The US Food and Drug Administration recalled hundreds of thousands of pacemakers in 2017 due to doubts about their security against hacking, according to Reader’s Digest. Pacemakers regulate the heart rate, keeping it normal and controlling abnormal heart rhythms, so the dangers associated with these critical devices being susceptible to malicious interference are quite apparent, even without going into too many technical details. To avert such a catastrophe, Wired reports that security researcher Jonathan Butts has spent years hounding a prominent maker of pacemakers Medtronic, trying to remedy flaws in its security and clinch an agreement on encryption protocols.
“The time period Medtronic spent discussing this with us, if they had just put that time into making a fix they could have solved a lot of these issues,” Butts said. “Now we’re two years down the road and there are patients still susceptible to this risk of altering therapy, which means we could do a shock when we wanted to or we could deny shocks from happening. It’s very frustrating.”
Unfortunately, Butts’ plaintive warnings were dismissed by Medtronic as hot air. The company came to the conclusion that its products were fine as is.
“Medtronic has assessed the vulnerabilities per our internal process,” the company wrote. “These findings revealed no new potential safety risks based on the existing product security risk assessment. The risks are controlled, and residual risk is acceptable.”

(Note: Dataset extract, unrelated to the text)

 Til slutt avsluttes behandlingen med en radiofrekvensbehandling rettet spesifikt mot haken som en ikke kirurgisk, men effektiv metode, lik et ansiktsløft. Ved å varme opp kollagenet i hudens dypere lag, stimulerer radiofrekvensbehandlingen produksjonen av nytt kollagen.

Medtronic spokesperson Erika Winkels gave the following statement to Wired: “Medtronic deploys a robust, coordinated disclosure process and takes seriously all potential cybersecurity vulnerabilities in our products and systems.”

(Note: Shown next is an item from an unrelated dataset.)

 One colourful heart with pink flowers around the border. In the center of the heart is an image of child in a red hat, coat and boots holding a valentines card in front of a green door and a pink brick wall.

Winkels also brushed off warnings from security researchers, noting that “All devices carry some associated risk, and, like the regulators, we continuously strive to balance the risks against the benefits our devices provide”—a sentiment which likely roiled Butts on a visceral level.
Given the dire nature of the risks, it’s surprising that Winkels dismissed the valid concerns raised by security researchers with such a tersely worded statement, suggesting that she is likely not paid by the word.
Mired as he was in the bowels of frustration by corporate stonewalling, Butts even contemplated using an iPhone app to kill a pig remotely in order drive home the severity of the situation, but ultimately decided against it for reasons that Wired was not made privy to.
“We were talking about bringing a live pig because we have an app where you could kill it from your iPhone remotely and that would really demonstrate these major implications,” Butts recounted to Wired. “We obviously decided against it, but it’s just a mass scale concern. Almost anybody with the implantable device in them is subject to the potential implications of exploitation.”